◆ WHAT YOU NEED TO DO: The line with "在汽车业务领域,本季度取得突" and each line following it, up to the final line of the data, should be set down exactly; pictures stay out.

◆ DATA FOR REVIEW:
☆ ☆ ☆

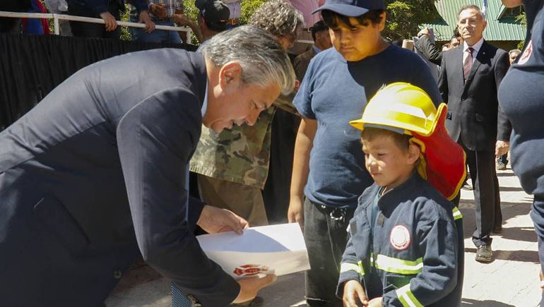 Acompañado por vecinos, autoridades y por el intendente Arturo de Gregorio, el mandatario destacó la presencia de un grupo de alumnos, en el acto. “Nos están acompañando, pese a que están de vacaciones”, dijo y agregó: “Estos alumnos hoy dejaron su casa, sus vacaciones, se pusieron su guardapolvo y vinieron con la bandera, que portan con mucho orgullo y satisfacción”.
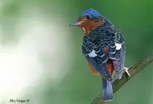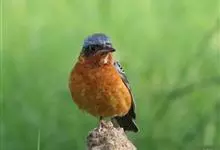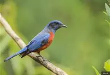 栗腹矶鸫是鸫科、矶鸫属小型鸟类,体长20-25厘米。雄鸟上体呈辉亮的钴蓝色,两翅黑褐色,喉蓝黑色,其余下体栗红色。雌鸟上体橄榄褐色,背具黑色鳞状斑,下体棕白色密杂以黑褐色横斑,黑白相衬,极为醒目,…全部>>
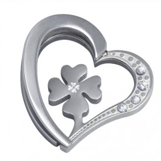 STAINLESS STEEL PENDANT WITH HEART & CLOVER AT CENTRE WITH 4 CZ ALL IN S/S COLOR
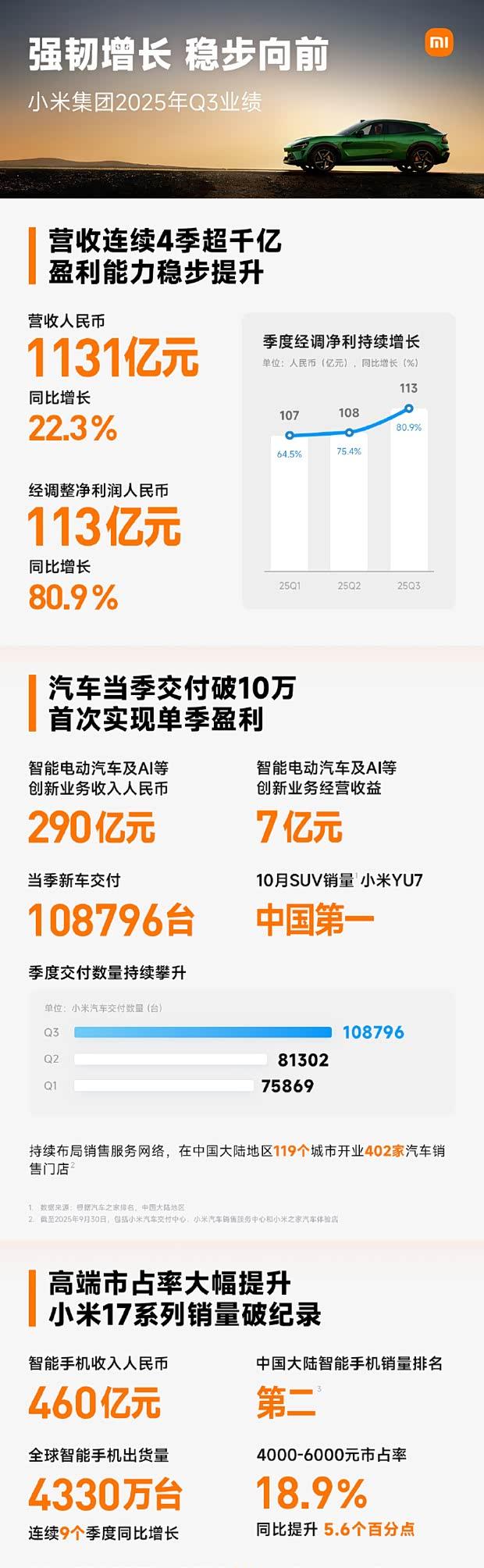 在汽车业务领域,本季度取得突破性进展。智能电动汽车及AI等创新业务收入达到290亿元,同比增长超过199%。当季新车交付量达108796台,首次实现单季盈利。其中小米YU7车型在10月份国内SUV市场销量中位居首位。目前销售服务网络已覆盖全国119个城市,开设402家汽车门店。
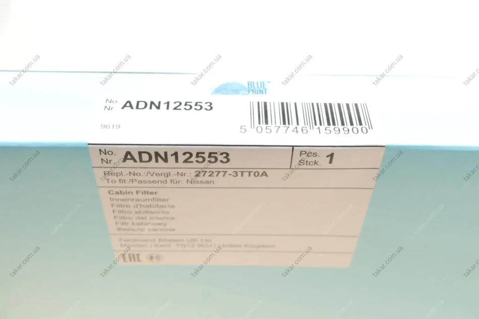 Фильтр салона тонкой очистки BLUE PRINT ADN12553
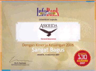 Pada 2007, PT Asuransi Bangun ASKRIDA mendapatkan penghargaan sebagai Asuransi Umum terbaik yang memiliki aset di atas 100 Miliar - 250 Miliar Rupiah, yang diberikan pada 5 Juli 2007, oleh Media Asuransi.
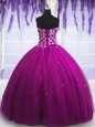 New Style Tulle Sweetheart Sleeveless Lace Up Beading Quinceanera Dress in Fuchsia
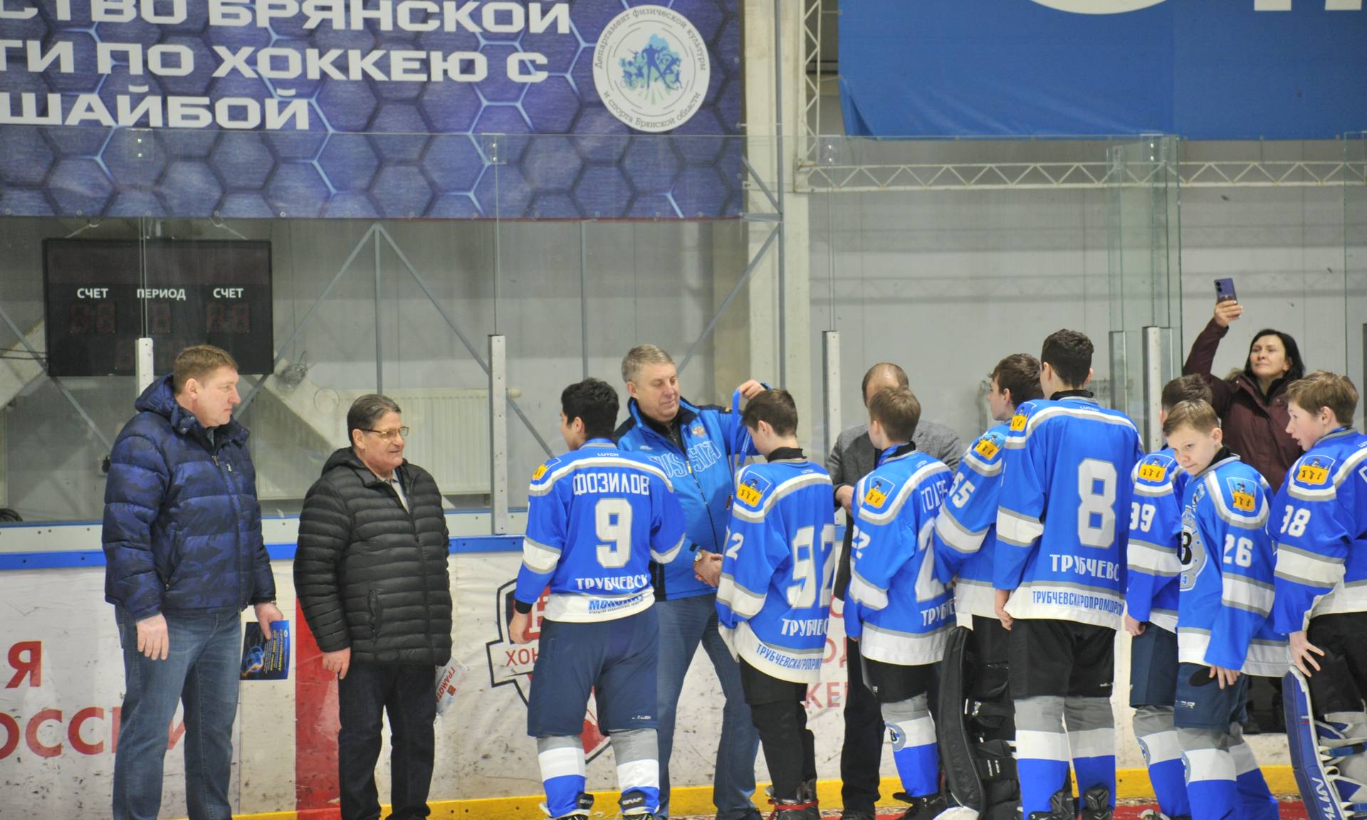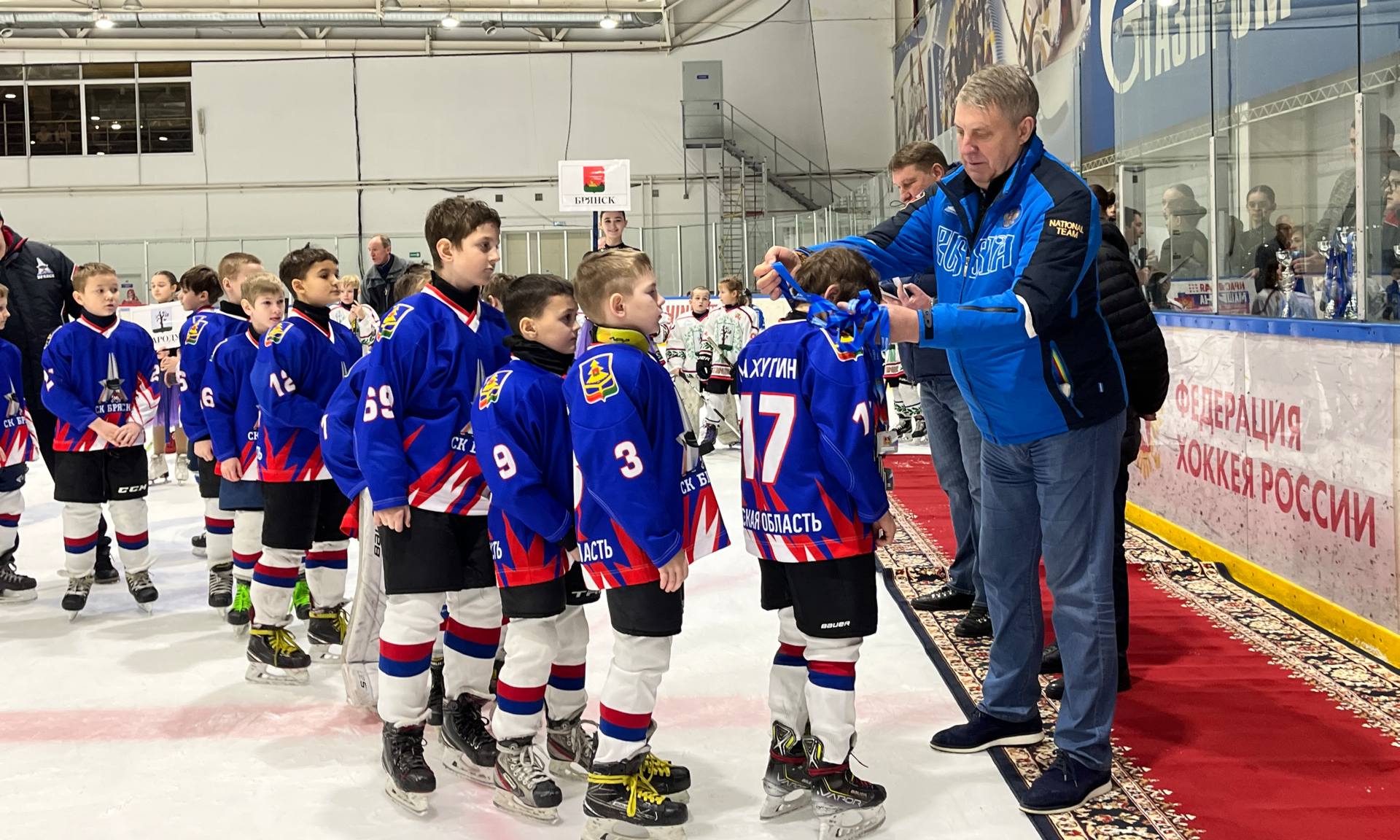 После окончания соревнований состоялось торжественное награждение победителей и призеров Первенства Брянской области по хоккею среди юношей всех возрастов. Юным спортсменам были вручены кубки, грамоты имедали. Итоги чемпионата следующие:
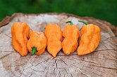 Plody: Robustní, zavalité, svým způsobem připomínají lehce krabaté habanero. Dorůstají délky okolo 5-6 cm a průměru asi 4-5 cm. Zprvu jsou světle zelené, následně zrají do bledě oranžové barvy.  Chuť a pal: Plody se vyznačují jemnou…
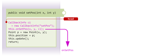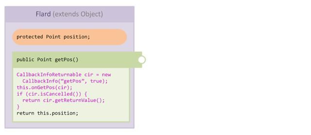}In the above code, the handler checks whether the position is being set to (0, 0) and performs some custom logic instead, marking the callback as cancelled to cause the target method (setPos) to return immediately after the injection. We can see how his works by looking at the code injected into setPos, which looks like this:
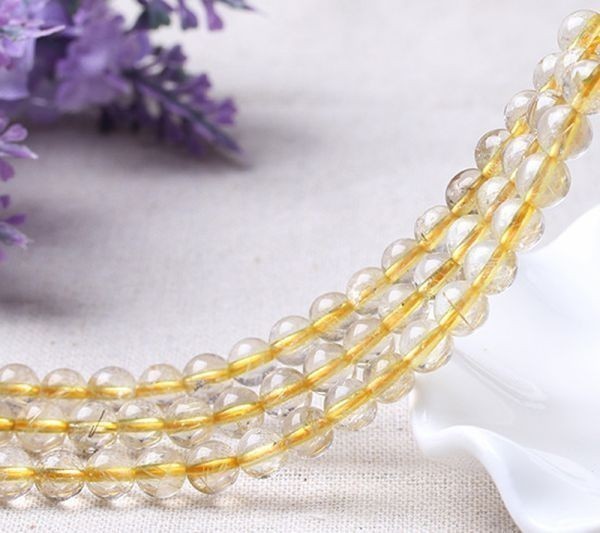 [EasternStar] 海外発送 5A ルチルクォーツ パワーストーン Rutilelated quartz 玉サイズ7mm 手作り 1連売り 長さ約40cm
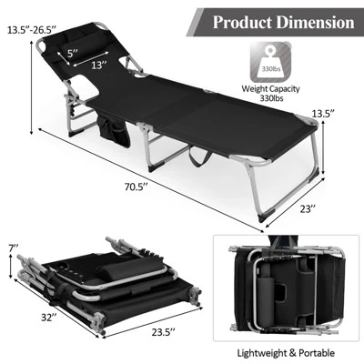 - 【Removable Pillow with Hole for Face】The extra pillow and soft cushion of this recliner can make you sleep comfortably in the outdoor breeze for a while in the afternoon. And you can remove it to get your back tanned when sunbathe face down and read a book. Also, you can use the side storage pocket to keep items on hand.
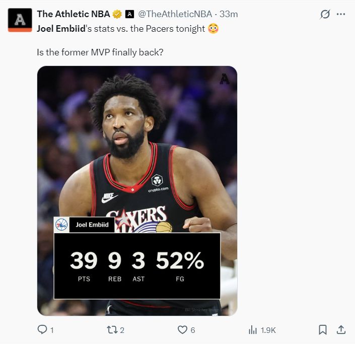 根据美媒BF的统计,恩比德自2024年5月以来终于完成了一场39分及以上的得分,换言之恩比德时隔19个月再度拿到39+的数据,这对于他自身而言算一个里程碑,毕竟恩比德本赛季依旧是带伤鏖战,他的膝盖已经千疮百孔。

☆ ☆ ☆

◆ YOUR RESPONSE:
 在汽车业务领域,本季度取得突破性进展。智能电动汽车及AI等创新业务收入达到290亿元,同比增长超过199%。当季新车交付量达108796台,首次实现单季盈利。其中小米YU7车型在10月份国内SUV市场销量中位居首位。目前销售服务网络已覆盖全国119个城市,开设402家汽车门店。
 Фильтр салона тонкой очистки BLUE PRINT ADN12553
 Pada 2007, PT Asuransi Bangun ASKRIDA mendapatkan penghargaan sebagai Asuransi Umum terbaik yang memiliki aset di atas 100 Miliar - 250 Miliar Rupiah, yang diberikan pada 5 Juli 2007, oleh Media Asuransi.
 New Style Tulle Sweetheart Sleeveless Lace Up Beading Quinceanera Dress in Fuchsia
 После окончания соревнований состоялось торжественное награждение победителей и призеров Первенства Брянской области по хоккею среди юношей всех возрастов. Юным спортсменам были вручены кубки, грамоты имедали. Итоги чемпионата следующие:
 Plody: Robustní, zavalité, svým způsobem připomínají lehce krabaté habanero. Dorůstají délky okolo 5-6 cm a průměru asi 4-5 cm. Zprvu jsou světle zelené, následně zrají do bledě oranžové barvy.  Chuť a pal: Plody se vyznačují jemnou…
}In the above code, the handler checks whether the position is being set to (0, 0) and performs some custom logic instead, marking the callback as cancelled to cause the target method (setPos) to return immediately after the injection. We can see how his works by looking at the code injected into setPos, which looks like this:
 [EasternStar] 海外発送 5A ルチルクォーツ パワーストーン Rutilelated quartz 玉サイズ7mm 手作り 1連売り 長さ約40cm
 - 【Removable Pillow with Hole for Face】The extra pillow and soft cushion of this recliner can make you sleep comfortably in the outdoor breeze for a while in the afternoon. And you can remove it to get your back tanned when sunbathe face down and read a book. Also, you can use the side storage pocket to keep items on hand.
 根据美媒BF的统计,恩比德自2024年5月以来终于完成了一场39分及以上的得分,换言之恩比德时隔19个月再度拿到39+的数据,这对于他自身而言算一个里程碑,毕竟恩比德本赛季依旧是带伤鏖战,他的膝盖已经千疮百孔。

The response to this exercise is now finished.